Looking at the above formula, we can see an important difference between transforming the variables and transforming the mean. The log of the mean, $\ln(\mu)$, increases as $\sigma^2_{\ln}$ increases, while the mean of the log, $\mu_{\ln}$ doesn't.
This means that women could, on average, have higher blood pressure that men, even though the mean paramater of the log normal distribution ($\mu_{\ln}$) is the same, simply because the variance parameter is larger. This fact would get missed by a test that used log(Blood Pressure).
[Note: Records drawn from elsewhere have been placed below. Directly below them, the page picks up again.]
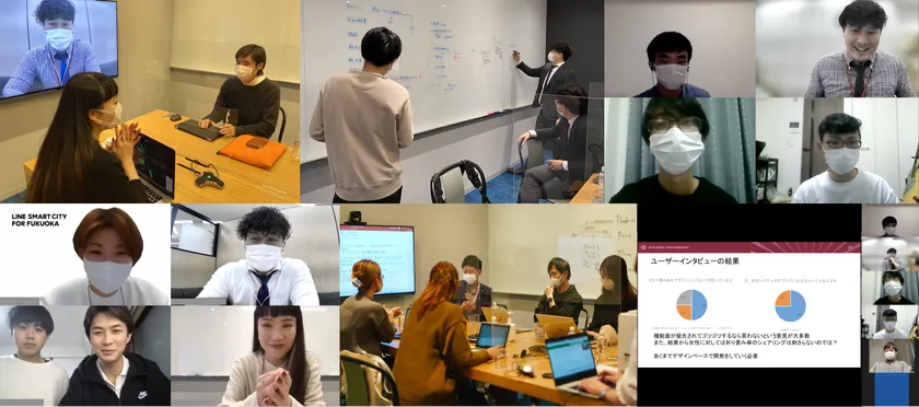 ファイナリストは、本大会発表に向けてアイデアをより革新的・具体的に磨き上げるべく、約3週間、本プロジェクト参画企業のメンターとオンラインおよび感染症対策の下オフラインにてブラッシュアップミーティングを行ってまいりました。フレームワークを活用したブレインストーミングやディスカッション、アンケートの実施、市民や企業へのヒアリングといったフィールドワーク等、ファイナリストと本プロジェクト参画企業のメンターがチーム一丸となり、本大会への準備を進めました。
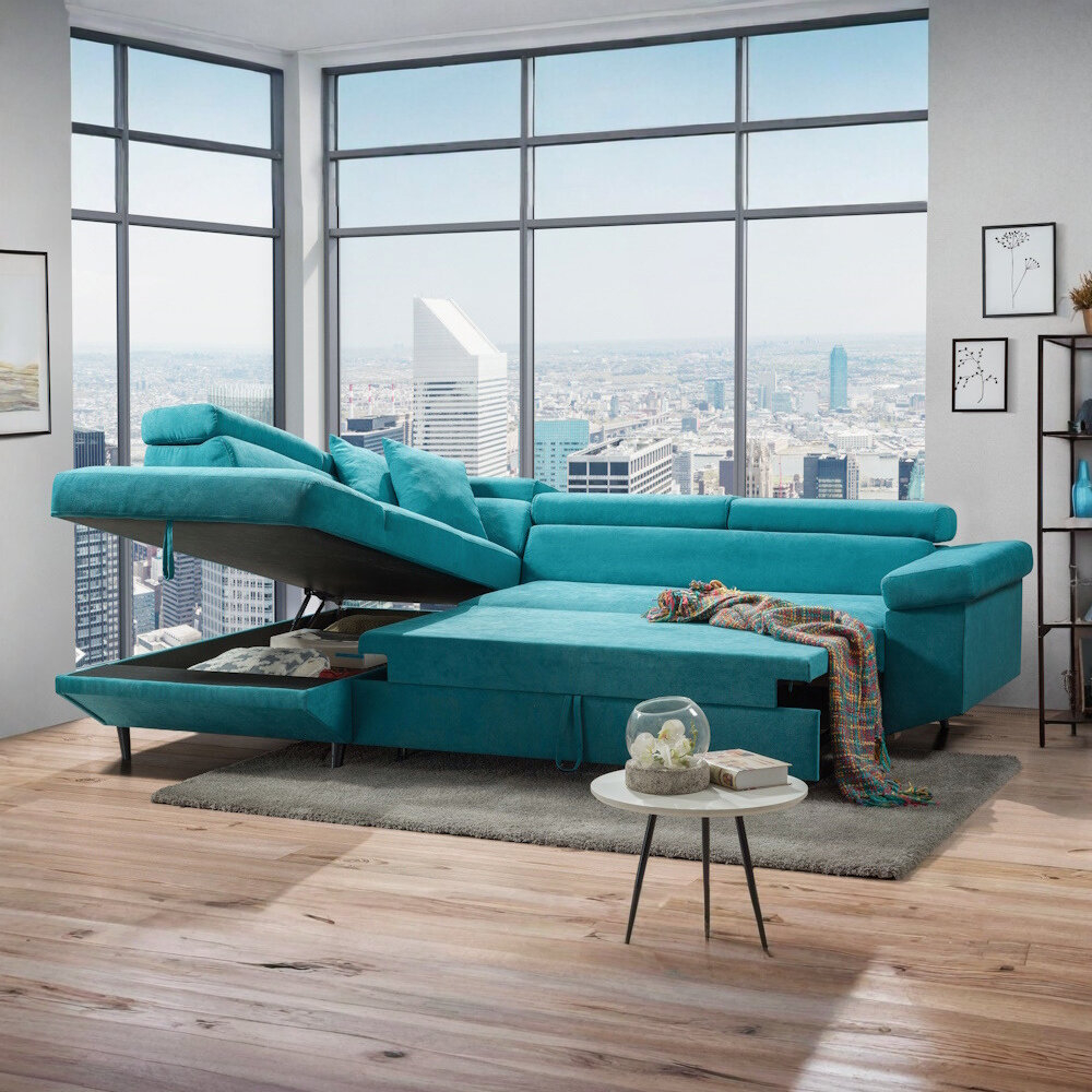 Dodatne informacije: val opruga, visoko elastična HR pena, lako konvertibilan u prostran ležaj, prostor za odlaganje, izbor ugla levo/desno, izbor štofa, podešavajući glavonasloni.
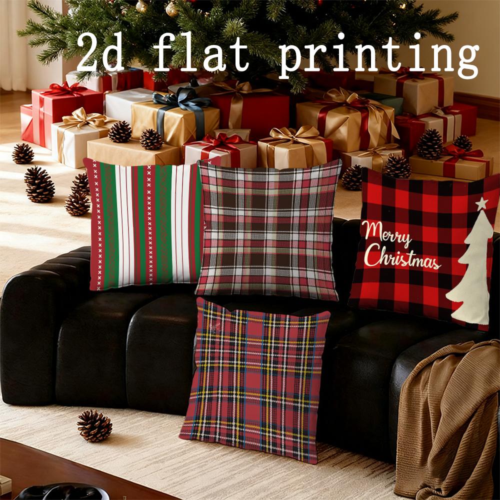 Wohndekor Weihnachten Karomuster & Fröhlicher Baum Muster Kissen Muster Kissenbezug Geeignet für Sofa Schlafzimmer Auto Kissenbezug

So far, we have assumed that blood pressure genuinly is log-normal. If the true distributions are not quite log normal, then transforming the data will (typically) make things even worse than above - since we won't quite know what our "mean" parameter actually means. I.e. we won't know those two equations for mean and variance I gave above are correct. Using those to transform back and forth will then introduce additional errors.
Best Answer
Yes; if the assumptions are satisfied on that scale
Why would equality of variance imply normality?
You should beware of using both histograms and goodness of fit tests to check the suitability of your assumptions:
1) Beware using the histogram for assessing normality. (Also see here)
In short, depending on something as simple as a small change in your choice of binwidth, or even just the location of the bin boundary, it's possible to get quite different impresssions of the shape of the data:
That's two histograms of the same data set. Using several different binwidths can be useful in seeing whether the impression is sensitive to that.
2) Beware using goodness of fit tests for concluding that the assumption of normality is reasonable. Formal hypothesis tests don't really answer the right question.
e.g. see the links under item 2. here
In normal circumstances, the question isn't 'are my errors (or conditional distributions) normal?' - they won't be, we don't even need to check. A more relevant question is 'how badly does the degree of non-normality that's present impact my inferences?"
I suggest a kernel density estimate or normal QQplot (plot of residuals vs normal scores). If the distribution looks reasonably normal, you have little to worry about. In fact, even when it's clearly non-normal it still may not matter very much, depending on what you want to do (normal prediction intervals really will rely on normality, for example, but many other things will tend to work at large sample sizes)
Funnily enough, at large samples, normality becomes generally less and less crucial (apart from PIs as mentioned above), but your ability to reject normality becomes greater and greater.
Edit: the point about equality of variance is that really can impact your inferences, even at large sample sizes. But you probably shouldn't assess that by hypothesis tests either. Getting the variance assumption wrong is an issue whatever your assumed distribution.
When you fit a normal model it has a scale parameter, in which case your scaled deviance will be about N-p even if your distribution isn't normal.
In the continued absence of knowing what you're measuring or what you're using the inference for, I still can't judge whether to suggest another distribution for the GLM, nor how important normality might be to your inferences.
However, if your other assumptions are also reasonable (linearity and equality of variance should at least be checked and potential sources of dependence considered), then in most circumstances I'd be very comfortable doing things like using CIs and performing tests on coefficients or contrasts - there's only a very slight impression of skewness in those residuals, which, even if it's a real effect, should have no substantive impact on those kinds of inference.
In short, you should be fine.
(While another distribution and link function might do a little better in terms of fit, only in restricted circumstances would they be likely to also make more sense.)